Do you feel the threat of nuclear energy is understood by the masses, or accepted as basically benign? It’s a complicated science, and anything that’s complicated is difficult to grasp a thorough understanding of. And complicated processes also come with risks. There is definitely a fear factor associated with nuclear energy, and, well, there should be. We unfortunately seem to go through cycles where the ramifications of nuclear energy are dramatically brought home to us — Three Mile Island, Chernobyl, and Fukushima. I think after Fukushima, as we sat and waited to see whether a cloud of radioactive fallout was going to be blown our way, nobody in Santa Barbara thought nuclear energy was benign. But it is certainly something we should all constantly pay more attention to.
Between 1944 and 1986, something like 30 million tons of uranium ore was extracted from the Navajo Nation in the Four Corners region. Scattered across the tribal lands are still hundreds of un-remediated uranium mines. Radiation pollution has contaminated groundwater and wells, houses and even schools were built from radioactive mine tailings, and, of course, there are the abandoned mines themselves. The EPA and Navajo Nation are identifying and addressing what is a very current and serious problem.
Tell me a bit about the Head On Photo Fest. The Head On Photo Festival has been running for over 10 years and is the largest photography festival in Australia and the second largest in the world. Staged across the month of May, the festival showcases over 900 Australian and international photo-artists in over 100 venues around Sydney.

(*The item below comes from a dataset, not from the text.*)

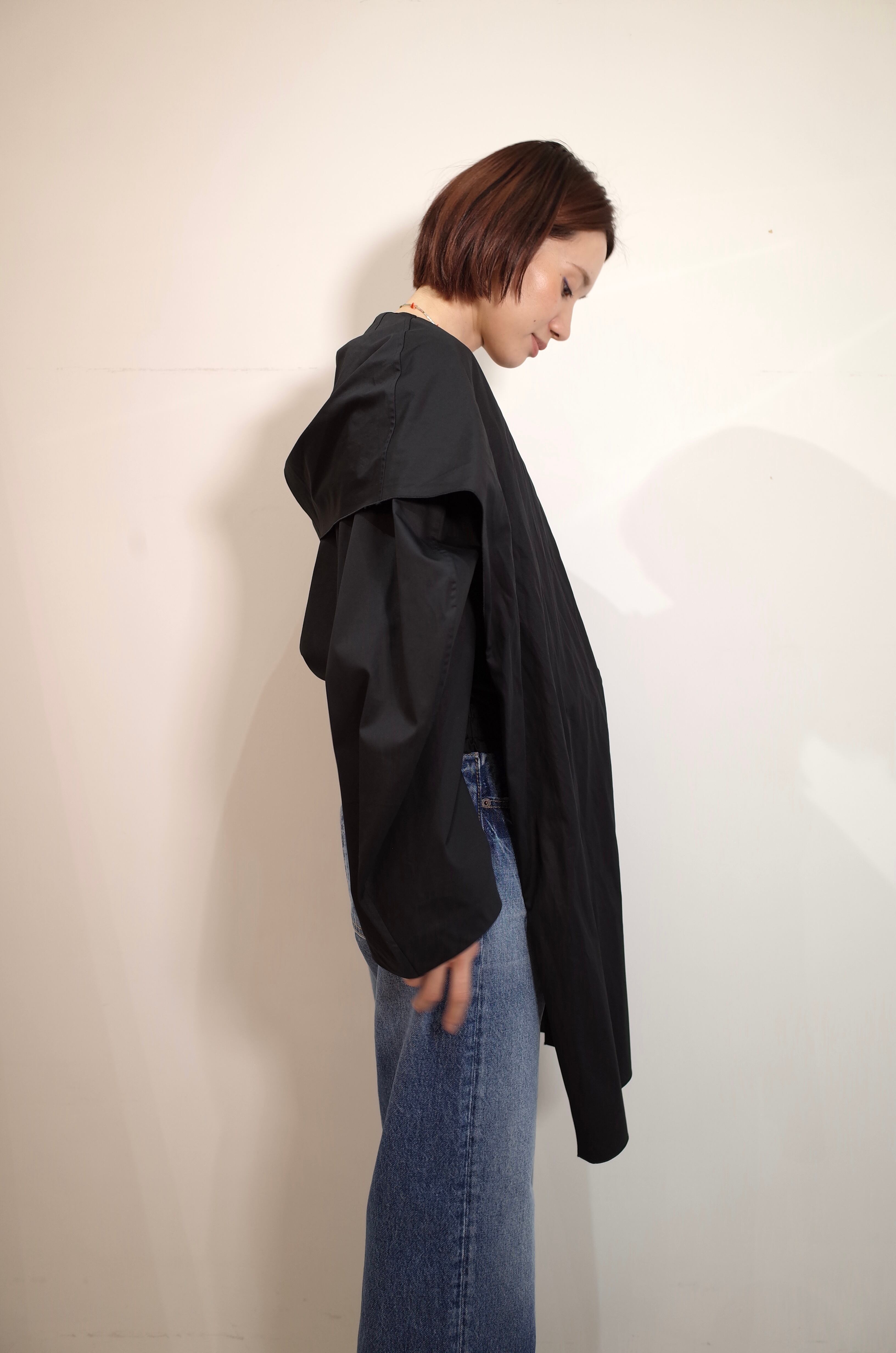 フードのようについたタイが特徴のシャツ。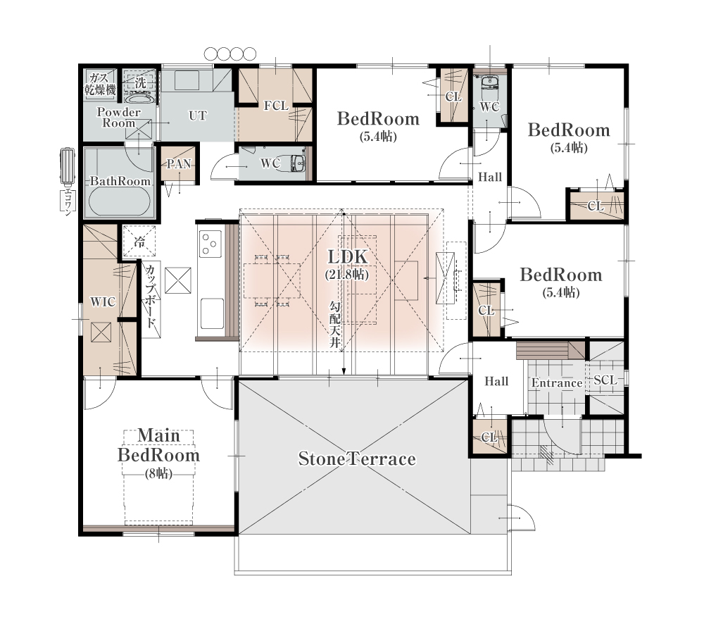 それぞれのお部屋にクローゼットがあり、更にファミリークローゼット、パントリーなど、ご家族が多くても安心の収納力のプランです。

The program is aimed equally at photographers and the general public. Along with exhibitions, it runs an extensive program of contests, workshops, seminars, artists’ talks, projections, and portfolio reviews. I was a finalist in last year’s Landscape Award, which in turn led to me being a featured photographer in the 2020 festival.
The exhibitions are staged in large and small galleries, museums, parks, cafés, and illuminations on buildings. While this year is very different due to the COVID-19 lockdown, what I love most about the festival is that it puts photography in public places where you don’t typically see it. My exhibition was planned for one of the most iconic locations in Australia: Sydney’s Bondi Beach. While it will now be an online exhibition for the month of May, the plan is to stage the physical exhibitions later in the year when restrictions are eased and a physical program is planned.
What are you working on now? I am currently preparing some prints for a Midwest-based museum that has put together an exhibition examining the legacy of photography in the American West. The exhibition is being curated by the Figge Art Museum in Iowa and is titled Magnetic West: The Enduring Allure of the American West. It features over 150 photographs by some of the most renowned photographers of the 19th and 20th centuries — and a couple from me, as well.
The plan was/is to be back in the U.S. for the opening of that exhibition at the end of June. In the meantime, I have been working on an Australian installment of Nuclear Landscapes — photographing test sites, mines, and waste sites across here — along with a new project that explores massacre sites here in Australia where colonialists massacred indigenous communities. These are events between the late 1780s and 1930s associated with what is loosely termed the Frontier Wars. There weren’t really wars, more the massacre of Aboriginal people in the process of dispossessing them of their land or as retribution for perceived crimes.
Given my family heritage, this is a very personal project. I have been researching and photographing locations throughout Australia and will continue to do so once we’re permitted to travel again. Both projects are currently on lockdown hold — so for the past month or so I am finally been taking some time to organize my archives.